The tragedy in all of this, of course, is that even when articulate, intelligent black men manage to rise above the temptations and traps of “the ghetto,” they are often subject to continuing forms of social fear, sexual jealousy, and obnoxious racism. More pointedly, in the 1960s, during a crucial stage in the development of black pride and self-esteem, highly educated, deeply conscientious black men were gunned down in cold blood. This phenomenon finds paradigmatic expression in the deaths of Medgar Evers, Malcolm X, and Martin Luther King, Jr. These events of public death are structured deep in the psyches of surviving black men, and the ways in which these horrible spectacles of racial catastrophe represent and implicitly sanction lesser forms of social evil against black men remains hurtful to black America.

I will never forget the effect of King’s death on me as a nine-year-old boy in Detroit. For weeks I could not be alone at night before an open door or window without fearing that someone would kill me, too. I thought that if they killed this man who taught justice, peace, forgiveness, and love, then they would kill all black men. For me, Martin’s death meant that no black man in America was safe,
that no black man could afford the gift of vision, that no black man could possess an intelligent fire that would sear the fierce edges of ignorance and wither to ashes the propositions of hate without being extinguished.
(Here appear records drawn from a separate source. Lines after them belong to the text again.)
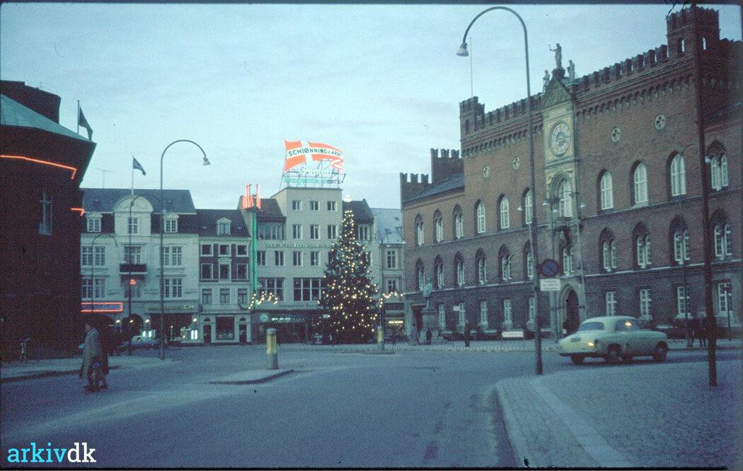 Flakhaven med juletræet tændt
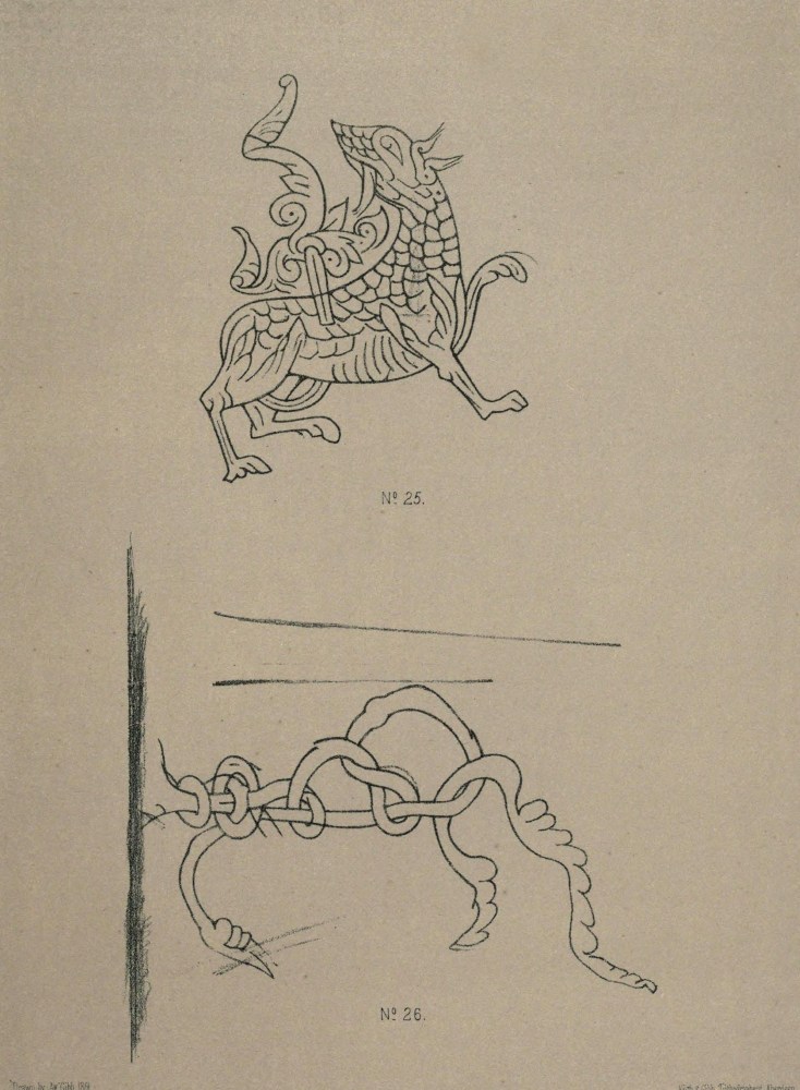 The entire number of Runic characters may be about 935, exclusive of scribbles and many doubtful marks. The monograms and bind-runes, or connected consonants, are considered as forming one letter. There are also some marks which may have been intended to represent a horse and an otter with a fish in its mouth; also, a winged dragon and a worm knot, which last has much the appearance of one of the great Saurians. The two hind legs are very plainly defined.
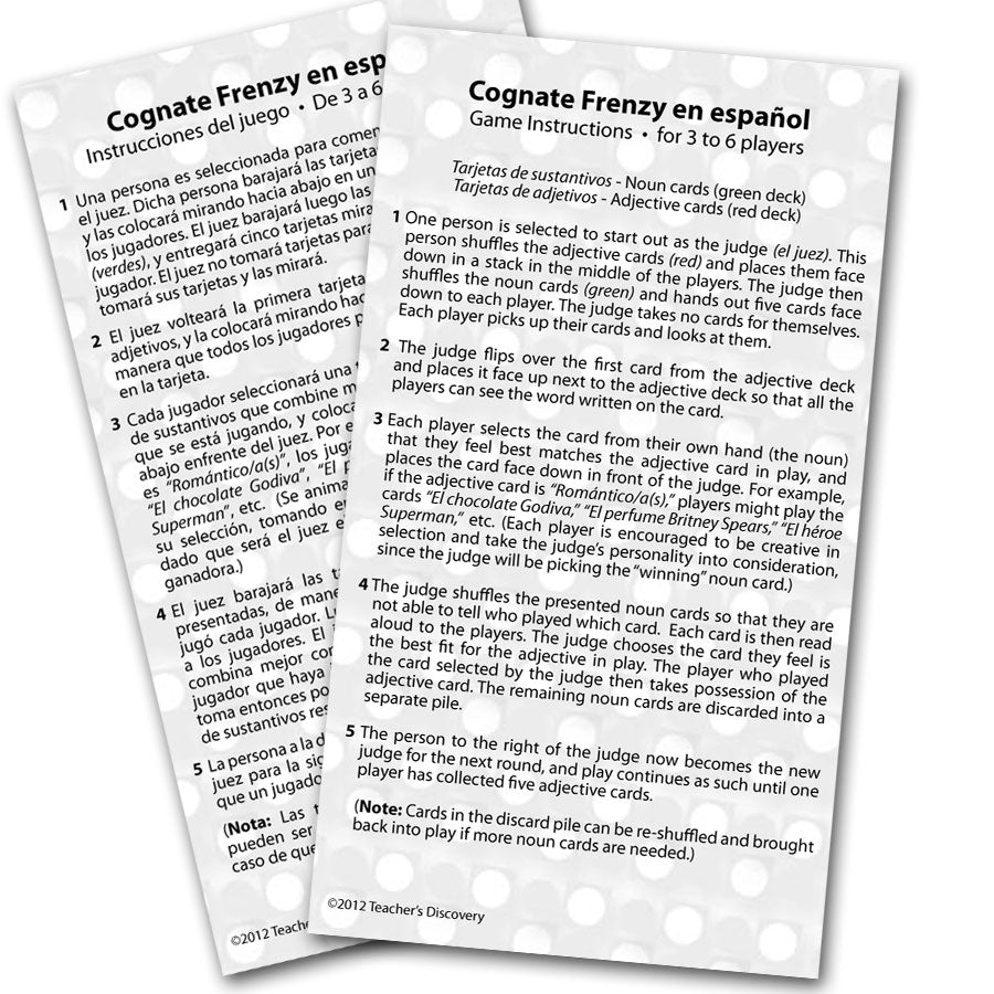 It is an ideal game to play as an ice-breaker to prime students for learning a new language. The game includes two vocabulary lists with translations of all cards. It’s also a perfect game for vocabulary reinforcement and recognition for upper-level Spanish classes.
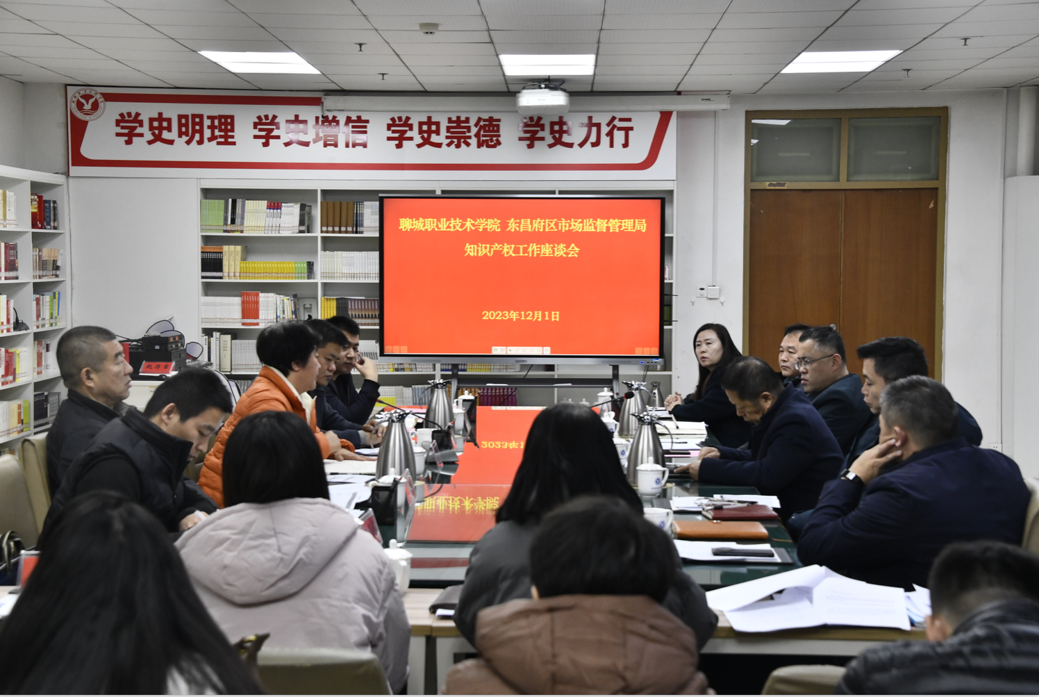 12月1日,聊城市东昌府区市场监督管理局副局长尹立平一行人来聊城职业技术学院开展知识产权工作的调研。学校党委副书记赵存吉陪同座谈。
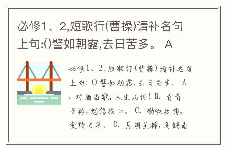 必修1、2,短歌行(曹操)请补名句上句:()譬如朝露,去日苦多。 A. 对酒当歌,人生几何! B. 青青子衿,悠悠我心。 C. 呦呦鹿鸣,食野之苹。 D. 月明星稀,乌鹊南飞。
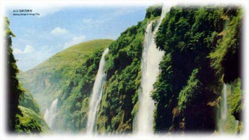 马岭河峡谷距兴义市约4公里左右,峡内,河水清澈,晶莹透锡,客人漂流,乐此不疲,峡侧,彩崖峡迎风而立,灰色的石崖布景中分布着一道道桔红、灰白、绛紫、果绿各种色彩或粗或细或长或短的线条,故名曰:彩崖峡。好似一幅巨大的彩色画屏,彩崖倒映水中,又形成一道彩虹水纹顺水而移,美不胜收。
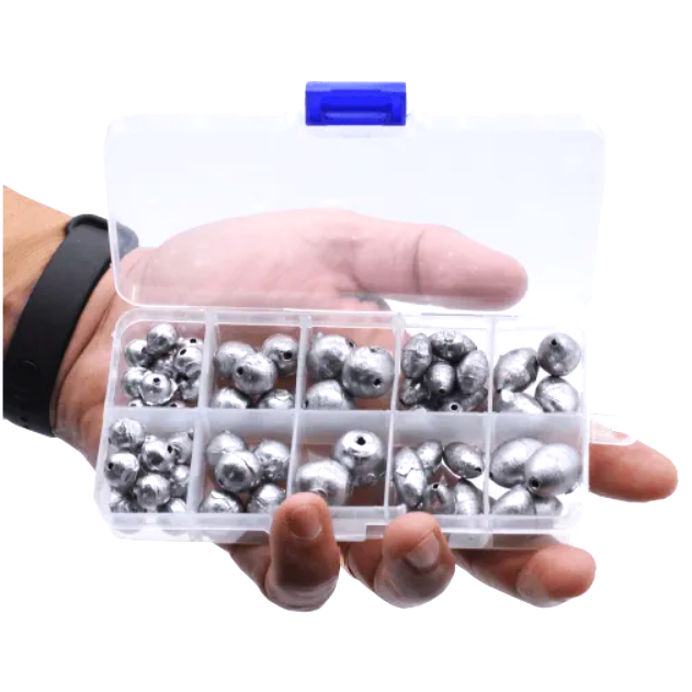 Kit Chumbadas Pesca Leve e Média | Caixa Organizadora com Pesos Variados | Bola ou Oliva
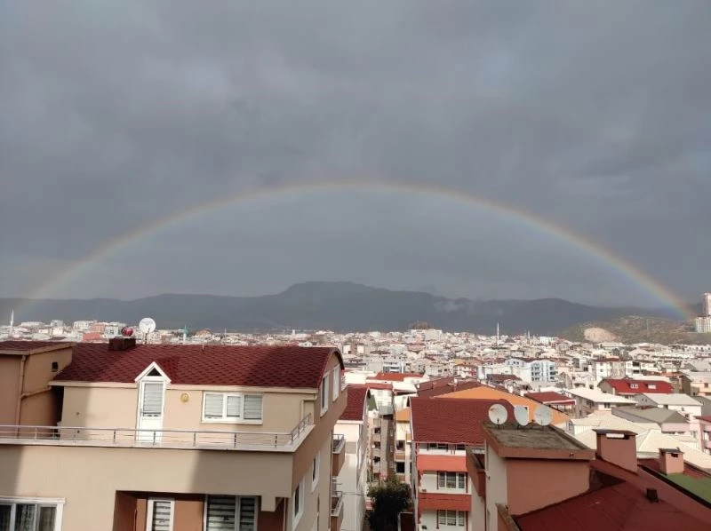 Bursa’da yağmur sonrası beliren gökkuşağı seyrine doyumsuz manzaralar ortaya çıkardı.
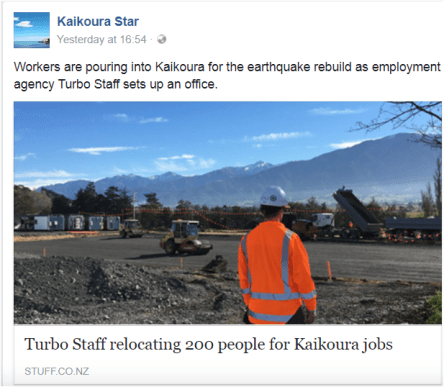 Turbo Staff is said to be “pouring” 200 people into the area for Kaikoura jobs…
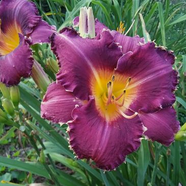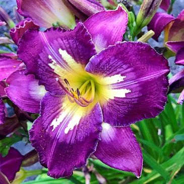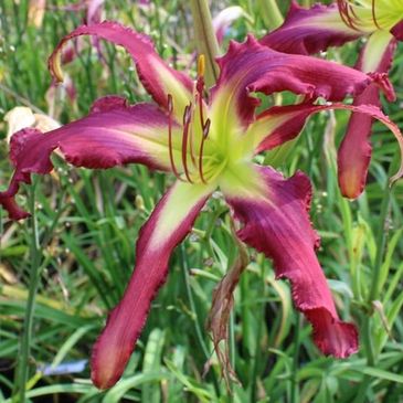36" MLa Re 7.5" dormant diploid. Unusual Form-crispate. Rockfish River is a deep, rich purple with a green throat blending to cream that reaches out onto the midribs. It has strong branched scapes and ruffled blooms at a medium height.
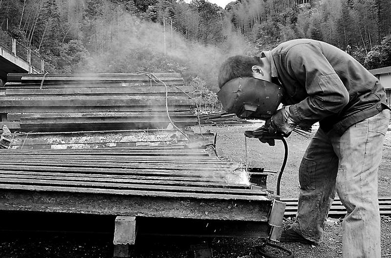 近日,永安煤業(yè)公司池坪蘆坑煤礦從即將閉坑的礦井調(diào)入了一批舊鋼棚的棚腿。為了使棚腿在井下架棚支架后棚梁不會脫出,該礦在每根舊棚腿上都焊接了U型槽。圖為4月8日,該礦機(jī)運(yùn)隊(duì)職工正在舊棚腿上焊接U型槽。
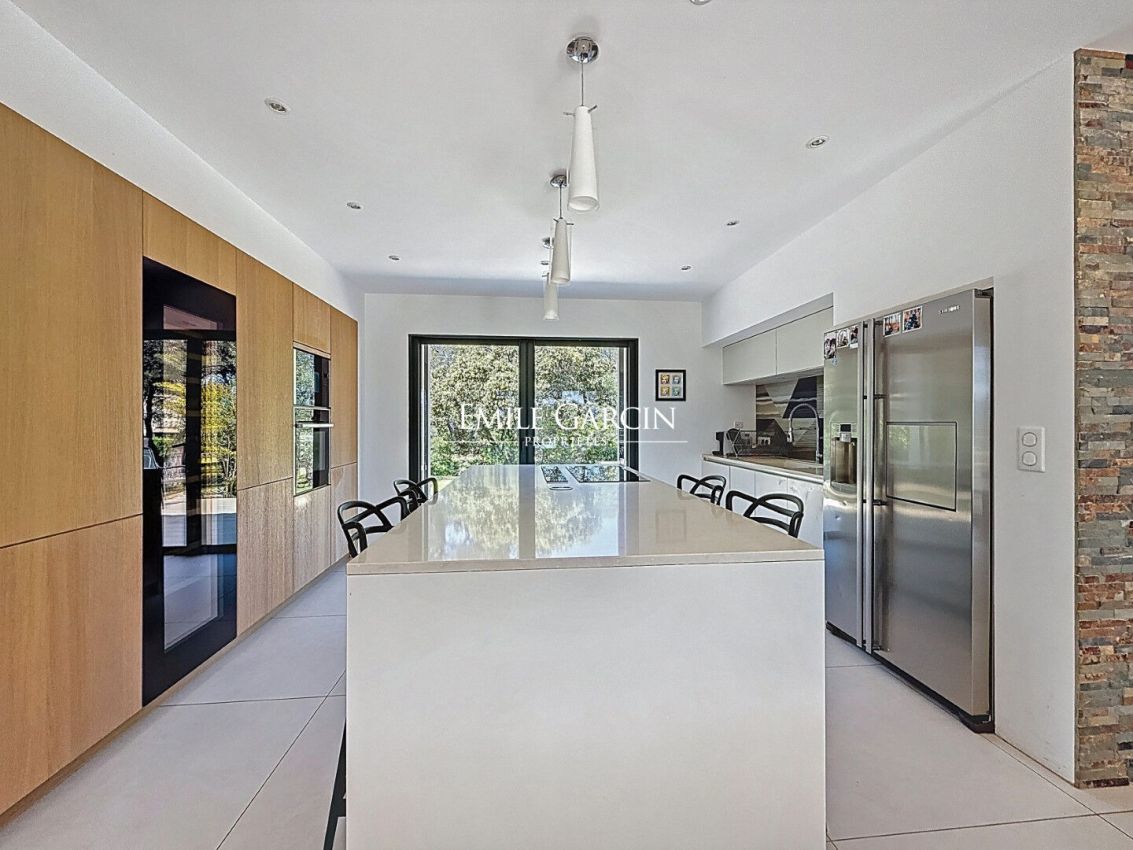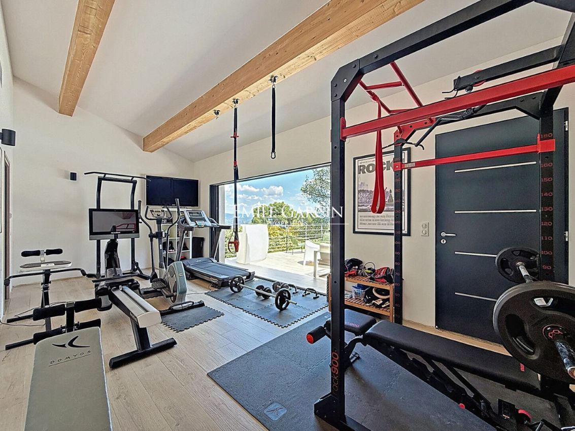 Réalisée avec des matériaux de belle facture et un goût sûr, elle offre environ 320 m² habitables . Les pièces de vie, baignées de lumière grâce aux larges baies vitrées, s'ouvrent toutes sur les terrasses et la piscine à la vue dominante sur la vallée du Luberon et le Mont Ventoux. L'espace intérieur comprend une vaste pièce à vivre avec cuisine entièrement équipée et salle à manger, un salon cinéma, ainsi qu'une salle de sport. Côté nuit, la maison dispose sur deux niveaux, de cinq chambres en suite, chacune avec sa propre salle d'eau, dressings, offrant confort et intimité à tous les occupants. L'ensemble est complété par un grand garage occupant tout le sous-sol, idéal pour plusieurs véhicules et rangements. L'accès est entièrement sécurisé, garantissant calme et sérénité. Un lieu rare, conjuguant modernité, élégance et panorama exceptionnel, au coeur d'un cadre naturel.
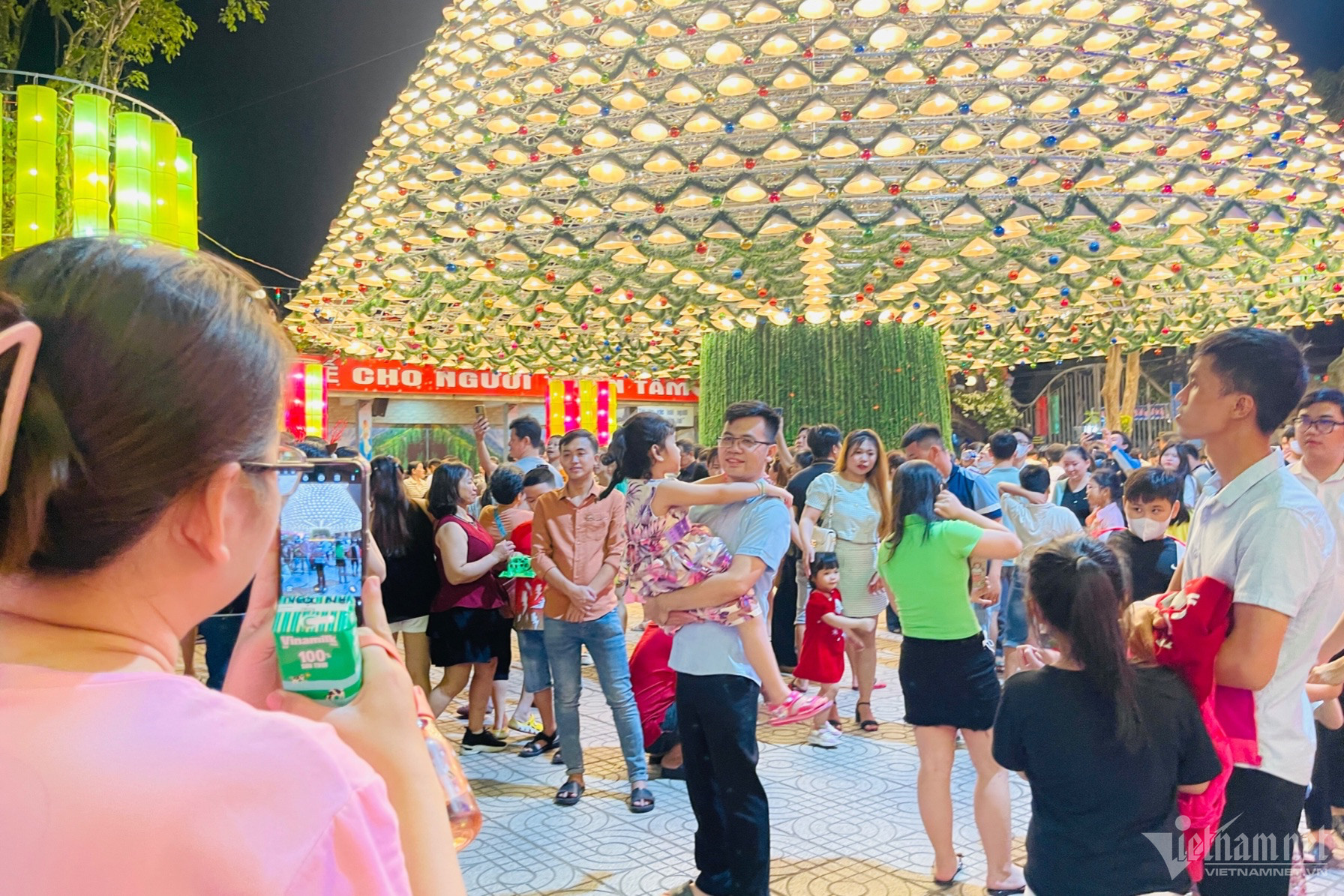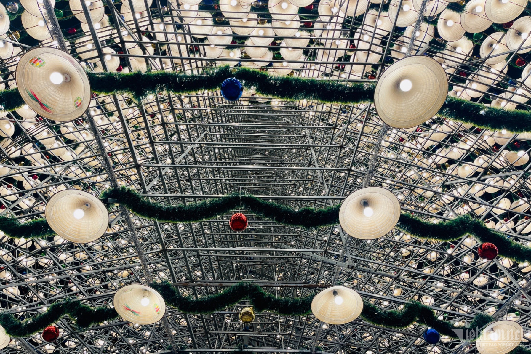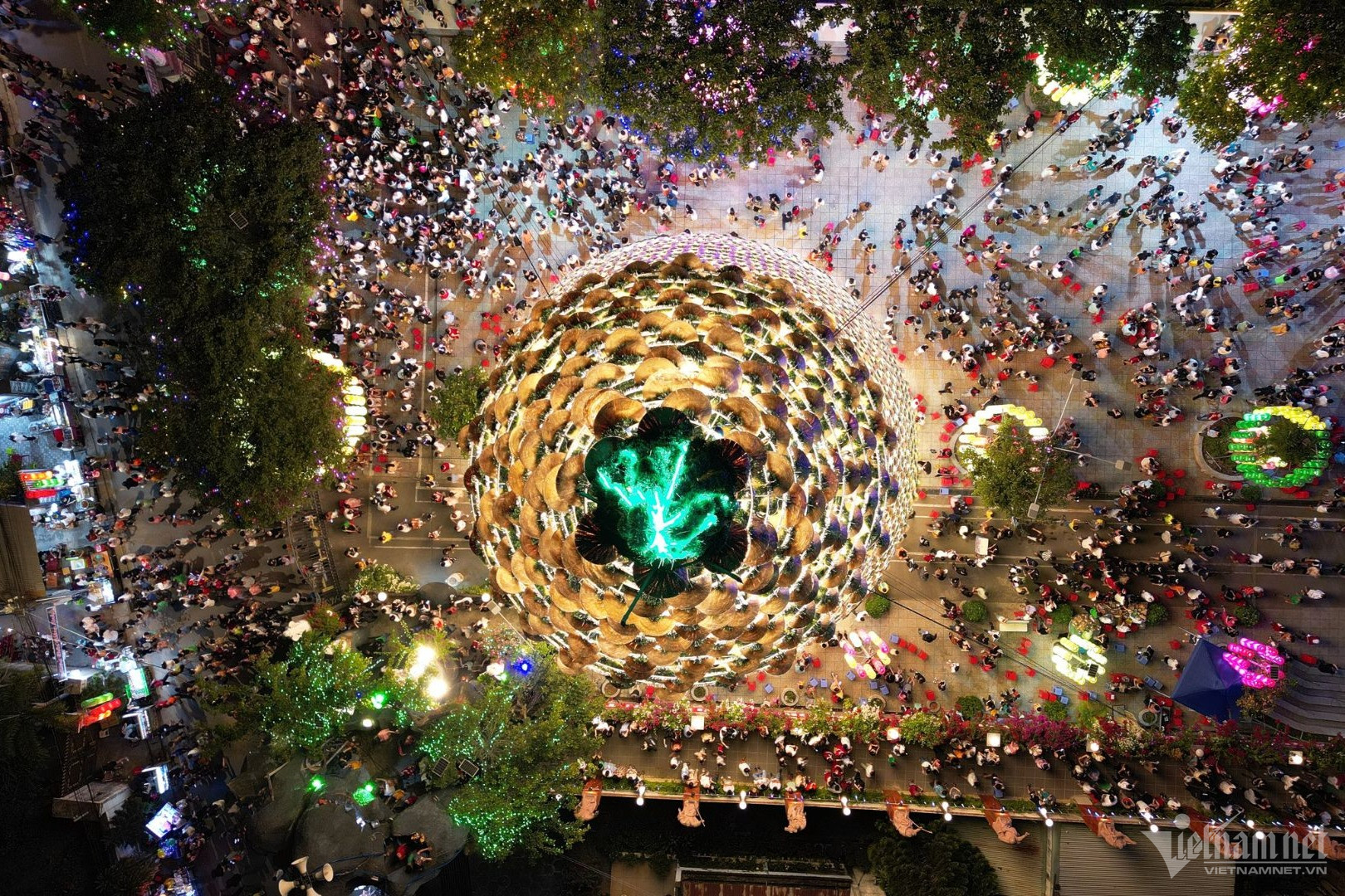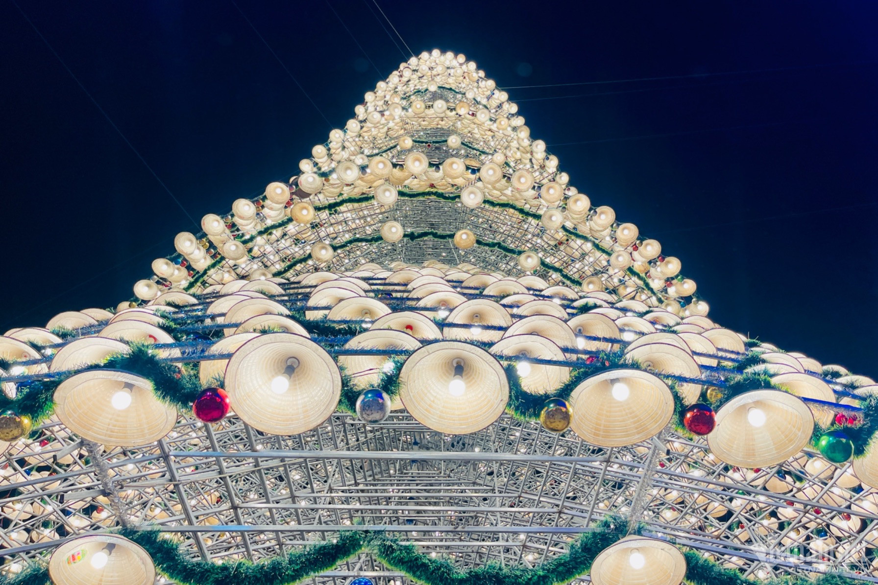 19h hằng ngày, cây thông cao 47m được làm từ 4.200 chiếc nón lá bắt đầu lên đèn. Bên trong mỗi chiếc nón lá là một bóng đèn, với 5 tầng tạo thành hình cây thông lung linh rực rỡ.

Ultimately Martin’s death meant that all black men, in some way, are perennially exposed to the threat of annihilation.

As we move toward the last decade of this century, the shadow of Du Bois’s prophetic declaration that the twentieth century’s problem would be the color line continues to extend itself in foreboding manner. The plight of black men, indeed, is a microcosmic reflection of the problems that are at the throat of all black people, an idiomatic expression of hurt drawn from the larger discourse of racial pain. Unless, however, there is vast reconstitution of our social, economic, and political policies and practices, most of which target black men with vicious specificity, Du Bois’s words will serve as the frontispiece to the racial agony of the twenty-first century as well.